Mitigating XSS - Why Input Validation is Bogus

Ask any security guy/gal about how to best mitigate cross-site scripting (XSS) and what is the answer? It’s some variation on validating input. Look at my own writings about this topic and what will you find? Variations on the input validation theme. Input validation is a great solution for new applications, but it’s a horrible choice for existing applications.

Why this change of heart? Well, this is something that’s been coming for a quite a while. I’ve become more and more disillusioned with input validation. Let’s start with some basics.

The first few reasons are well written about. Black-lists, whether syntactic or semantic, suffer the problems of black-lists: they can only look for known bad data. Not only that, but they often prevent good data from being input.

White-lists are then given as the answer. But, I’ve been had a nagging suspicion that syntactic white-lists are useless except for a small number of highly structured types. What’s worried me is that when writing several language compilers I’ve always had cases where I had to write syntax rules that were more lenient than the language allowed and then sort out the problem in semantic analysis. This implementation restriction was due to the limitations of my parsers and my parsers were a lot more sophisticated then the reg-exp parsers in many validation frameworks. So, syntactic white-lists have to let “bad data” through; not a fool proof solution.

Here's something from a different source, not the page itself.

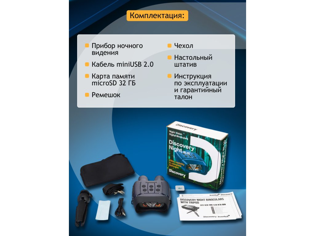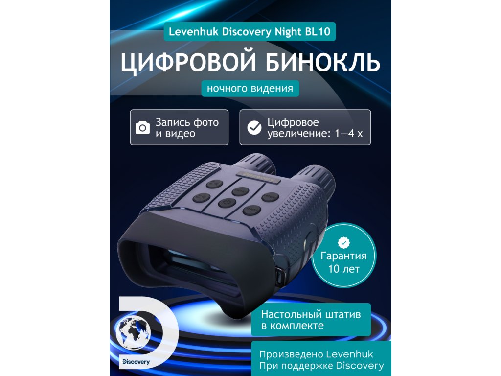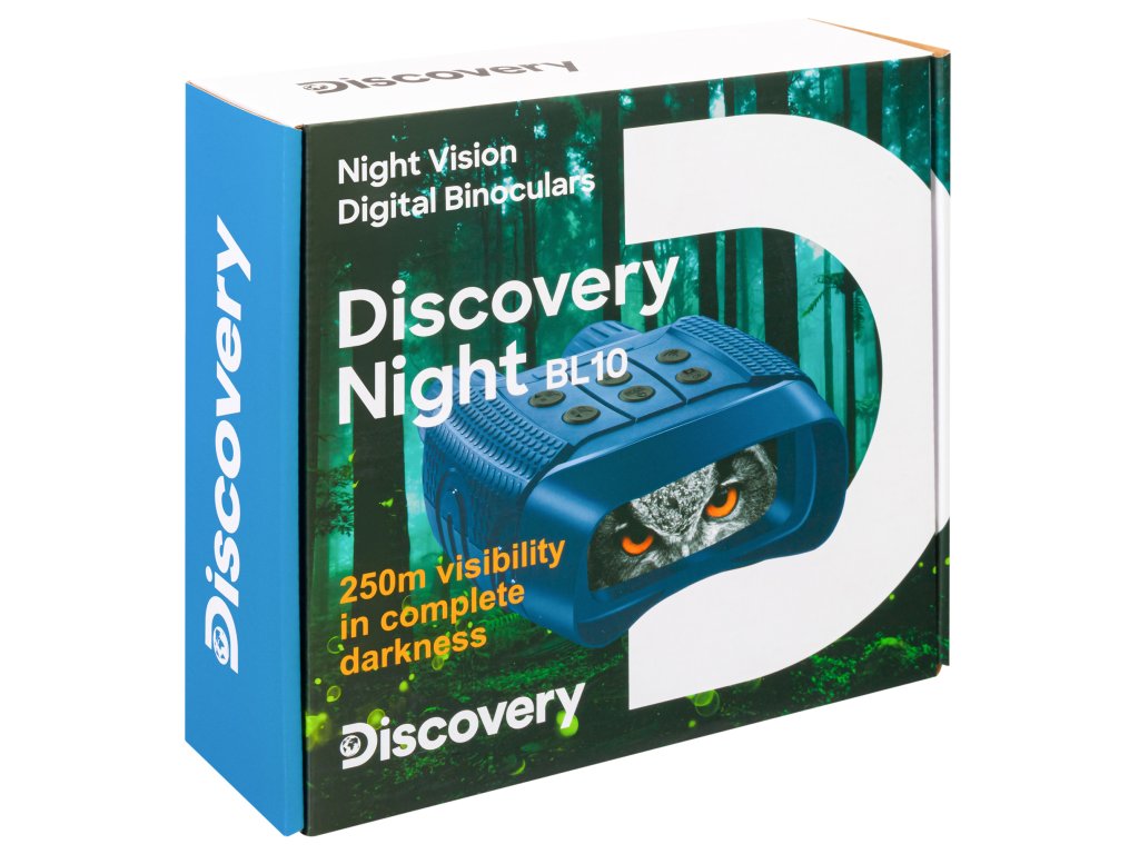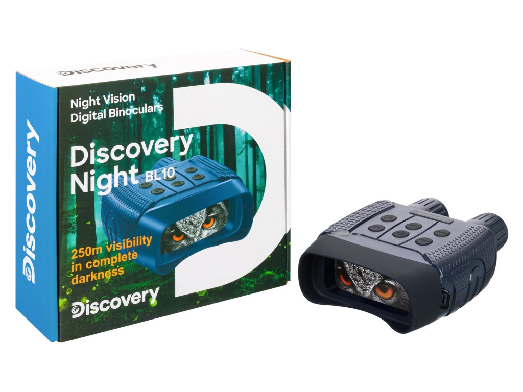 Levenhuk Discovery Night BL10 je binokulární dalekohled s nočním viděním s digitálním zesilovačem obrazu, který je praktický při použití za různých světelných podmínek. Má funkce záznamu fotografií a videa; je vybaven malým stolním stativem pro pohodlnější a stabilizované pozorování v terénu. Tento binokulární dalekohled s nočním viděním bude užitečný při nočním lovu, umožní vám zajistit bezpečnost tábora při trampování a bude vynikající volbou pro průzkum nových území. Levenhuk Discovery Night BL10 je totiž optické zařízení dva v jednom, které lze používat nejen v noci, ale i během dne jako běžný binokulární dalekohled!

Semantic white-lists? Well, these are great for enumerations, but is all input enumerations?

Don’t even get me started about GET versus POST.

Where does this leave us? Well, it leaves us with writing guidance that looks like a patch-work quilt. You use semantic white-lists here, but not there. You use syntactic white-lists for some kinds of data, but they will let bad data through.

So, here’s the nail in the output validation coffin. Let’s say you had a sizeable application with lots of fields of different types. What are you going to do? Take a swing that you can figure how the right type of input validation? What if you get it wrong? Well, if you get input validation wrong you just broke some percentage of your existing installed base. How large a percentage - you don’t know.

Why not just go with an output encoding solution? Yes, it seems like you’re snipping off the leaves of the tree. Yes, you need to build some way to tag output so that your test team can test that you’ve snipped off all of the leaves.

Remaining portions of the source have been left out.